_RECORDS PROVIDED:_
----
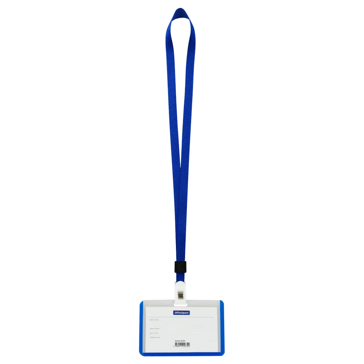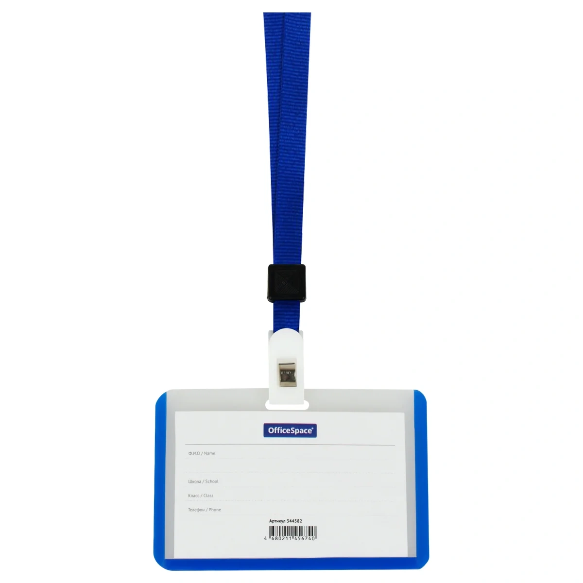 Бейдж с тесьмой Officespace горизонтальный 55х90мм, синий, школьный, с клипсой на синей ленте
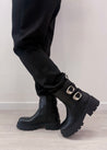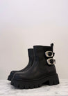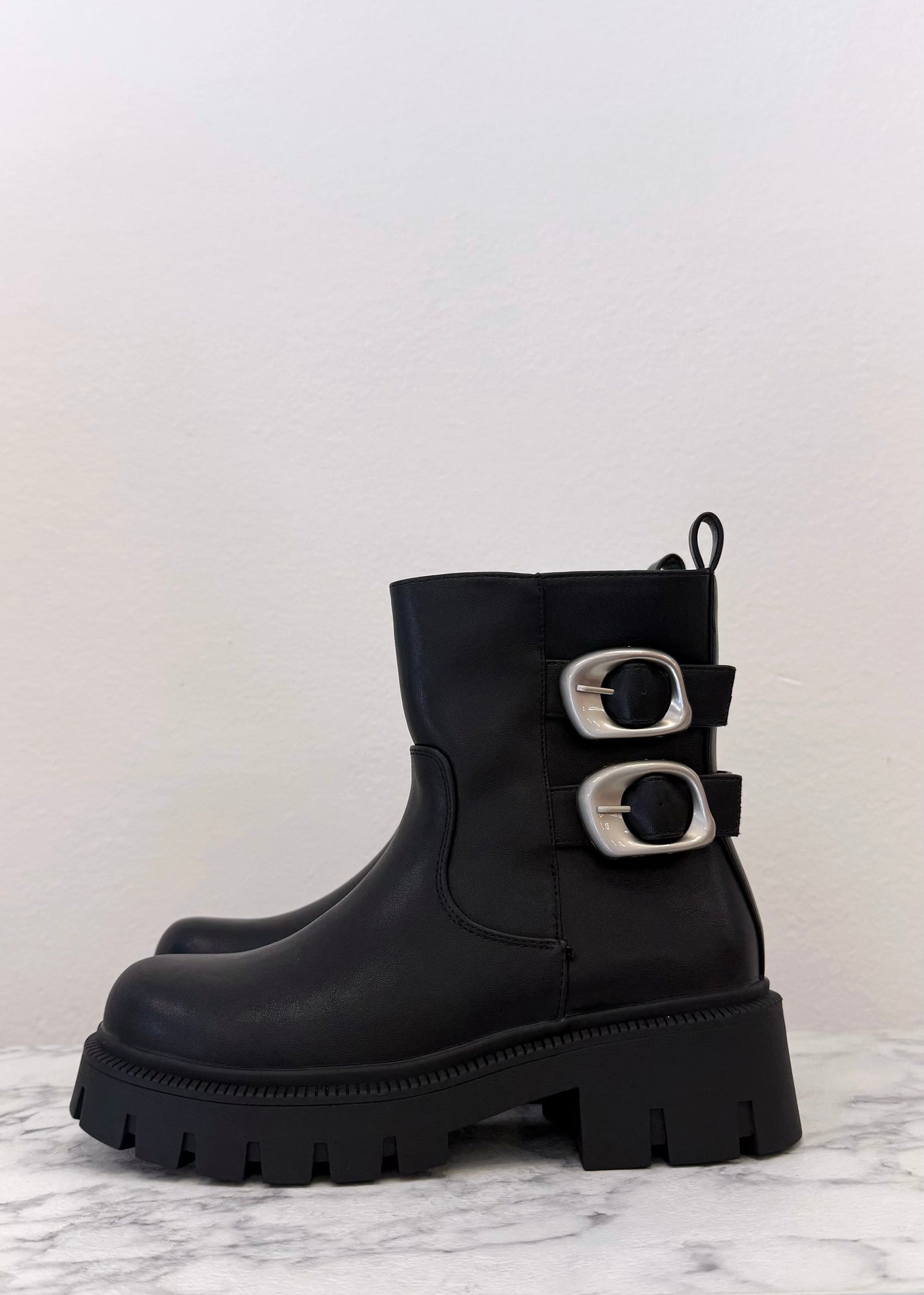 Dal design grintoso e contemporaneo, questo stivaletto basso in eco pelle unisce stile e praticità. Dotato di due fibbie laterali decorative che aggiungono un tocco rock, presenta una zip interna per una calzata facile e veloce. La suola leggermente rialzata garantisce comfort per tutto il giorno, rendendolo perfetto per affrontare la città con carattere e stile.
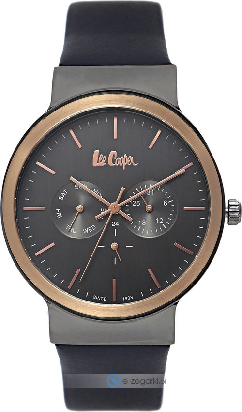 Model LC06915.069 marki Lee Cooper to stylowy zegarek naręczny męski, który jest wyposażony w ciekawe rozwiązania oraz funkcje. Ciekawy wygląd zegarka uzyskano także dzięki tarczy w kolorze szarym. Aktualna godzina pokazywana jest w sposób analogowy co intuicyjnie pozwala ją odczytać. Koperta szeroka jest na 41 mm - posiada okrągły kształt.
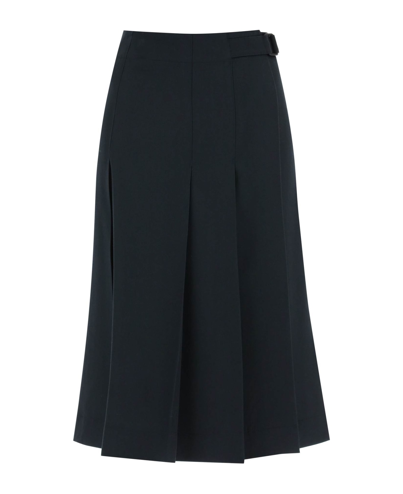 Pleated skirt by LEMAIRE crafted in virgin wool twill. It features a wrap design with strap and buckle closure at waist. Flared cut with calf length. The model is 177 cm tall and wears size FR 34.
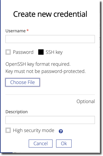 An SSH private key which you can later upload to the NCM. The network device must already have the public key from the SSH key pair installed.
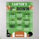 Este primer poster de cumpleaños se coordina perfectamente con nuestras invitaciones y estacionarios sobre el tema del fútbol "First Year Down". Cuenta con un fondo de campo de fútbol de rayas verdes con fútbol, casco y acentos #1 en negro. Personalizar con todos sus pequeños hitos y estadísticas.
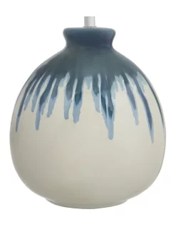 - With a durable ceramic rounded base, a simple linen shade and an eye-catching leaking paint detail
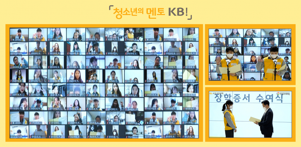 '청소년의 멘토 KB!' 학습멘토링 사업은 학습교육 및 문화체험 활동을 지원하는 프로그램이다. 앞으로 일 년간 160명의 대학생 봉사단이 320명의 중학생을 대상으로 화상 교육 시스템을 활용해 주 2회 학습멘토링을 진행한다.
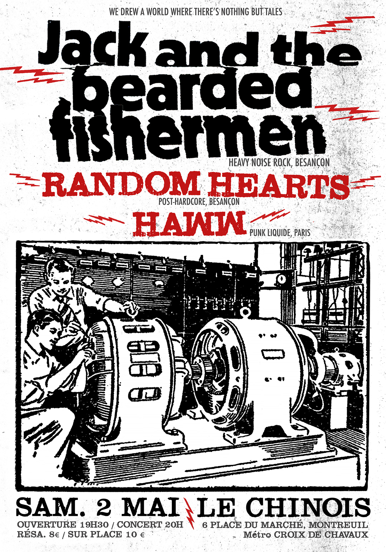 Jack And The Bearded Fishermen sera accompagné d’un autre groupe bisontin, Random Hearts et de Haww, formation parisienne dont la présentation (”Punk liquide”) intriguera suffisant pour ne pas la rater.
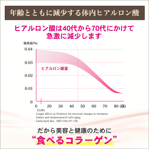 ヒアルロン酸は40代から70代にかけて急激に減少します
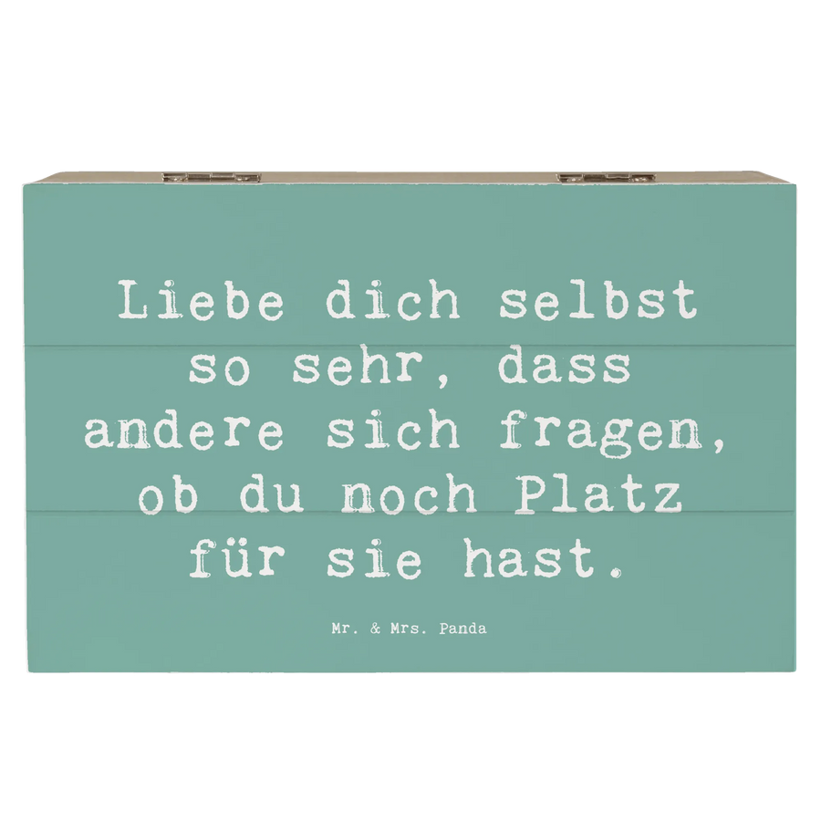 Entdecke die wunderschöne Holzkiste von Mr. & Mrs. Panda, die perfekt für jeden Anlass ist! Diese besondere Kiste mit dem Motiv Selbstakzeptanz und dem inspirierenden Spruch "Liebe dich selbst so sehr, dass andere sich fragen, ob du noch Platz für sie hast" ist nicht nur ein toller Blickfang, sondern auch ein vielseitiges Aufbewahrungsobjekt.
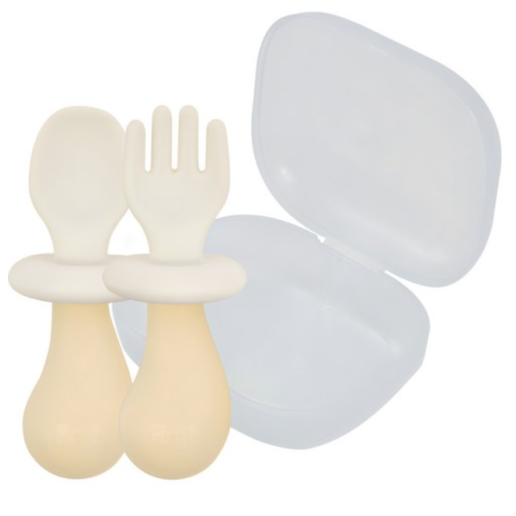 퍼기 유아용 버섯 자기주도 실리콘 이유식스푼포크, 베이지, 1세트 > 유아/완구
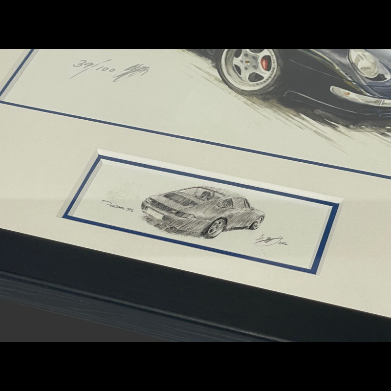 Porsche Rahmen 911 Coupe Typ 993 1998 Schwarzer Holzrahmen mit Skizze 25 x 30 cm - Uli Ehret
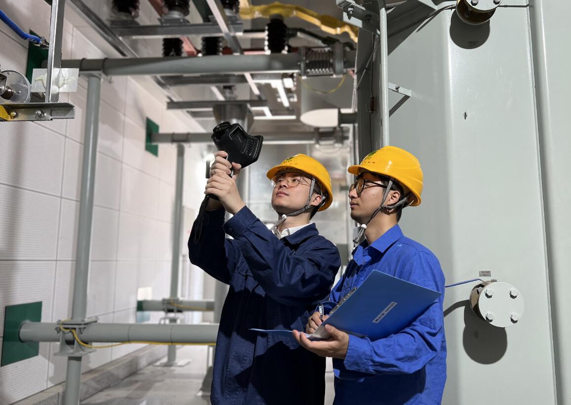 中國電力網(wǎng)訊(通訊員:史科揚)“1、2號主變運行良好,油溫油位均在正常范圍內(nèi),紅外測溫正常,全站滅火器均在保質(zhì)期內(nèi)……”5月10日,余姚市宏宇輸變電工程公司巡視人員來到110千伏雙河變,仔細(xì)地對站內(nèi)設(shè)備進行測溫體檢,為電網(wǎng)心臟“把脈問診”,全力保障電網(wǎng)安全可靠運行。
----
Excluding all pictures, reproduce the records exactly as they appear above.

 Бейдж с тесьмой Officespace горизонтальный 55х90мм, синий, школьный, с клипсой на синей ленте
 Dal design grintoso e contemporaneo, questo stivaletto basso in eco pelle unisce stile e praticità. Dotato di due fibbie laterali decorative che aggiungono un tocco rock, presenta una zip interna per una calzata facile e veloce. La suola leggermente rialzata garantisce comfort per tutto il giorno, rendendolo perfetto per affrontare la città con carattere e stile.
 Model LC06915.069 marki Lee Cooper to stylowy zegarek naręczny męski, który jest wyposażony w ciekawe rozwiązania oraz funkcje. Ciekawy wygląd zegarka uzyskano także dzięki tarczy w kolorze szarym. Aktualna godzina pokazywana jest w sposób analogowy co intuicyjnie pozwala ją odczytać. Koperta szeroka jest na 41 mm - posiada okrągły kształt.
 Pleated skirt by LEMAIRE crafted in virgin wool twill. It features a wrap design with strap and buckle closure at waist. Flared cut with calf length. The model is 177 cm tall and wears size FR 34.
 An SSH private key which you can later upload to the NCM. The network device must already have the public key from the SSH key pair installed.
 Este primer poster de cumpleaños se coordina perfectamente con nuestras invitaciones y estacionarios sobre el tema del fútbol "First Year Down". Cuenta con un fondo de campo de fútbol de rayas verdes con fútbol, casco y acentos #1 en negro. Personalizar con todos sus pequeños hitos y estadísticas.
 - With a durable ceramic rounded base, a simple linen shade and an eye-catching leaking paint detail
 '청소년의 멘토 KB!' 학습멘토링 사업은 학습교육 및 문화체험 활동을 지원하는 프로그램이다. 앞으로 일 년간 160명의 대학생 봉사단이 320명의 중학생을 대상으로 화상 교육 시스템을 활용해 주 2회 학습멘토링을 진행한다.
 Jack And The Bearded Fishermen sera accompagné d’un autre groupe bisontin, Random Hearts et de Haww, formation parisienne dont la présentation (”Punk liquide”) intriguera suffisant pour ne pas la rater.
 ヒアルロン酸は40代から70代にかけて急激に減少します
 Entdecke die wunderschöne Holzkiste von Mr. & Mrs. Panda, die perfekt für jeden Anlass ist! Diese besondere Kiste mit dem Motiv Selbstakzeptanz und dem inspirierenden Spruch "Liebe dich selbst so sehr, dass andere sich fragen, ob du noch Platz für sie hast" ist nicht nur ein toller Blickfang, sondern auch ein vielseitiges Aufbewahrungsobjekt.
 퍼기 유아용 버섯 자기주도 실리콘 이유식스푼포크, 베이지, 1세트 > 유아/완구
 Porsche Rahmen 911 Coupe Typ 993 1998 Schwarzer Holzrahmen mit Skizze 25 x 30 cm - Uli Ehret
 中國電力網(wǎng)訊(通訊員:史科揚)“1、2號主變運行良好,油溫油位均在正常范圍內(nèi),紅外測溫正常,全站滅火器均在保質(zhì)期內(nèi)……”5月10日,余姚市宏宇輸變電工程公司巡視人員來到110千伏雙河變,仔細(xì)地對站內(nèi)設(shè)備進行測溫體檢,為電網(wǎng)心臟“把脈問診”,全力保障電網(wǎng)安全可靠運行。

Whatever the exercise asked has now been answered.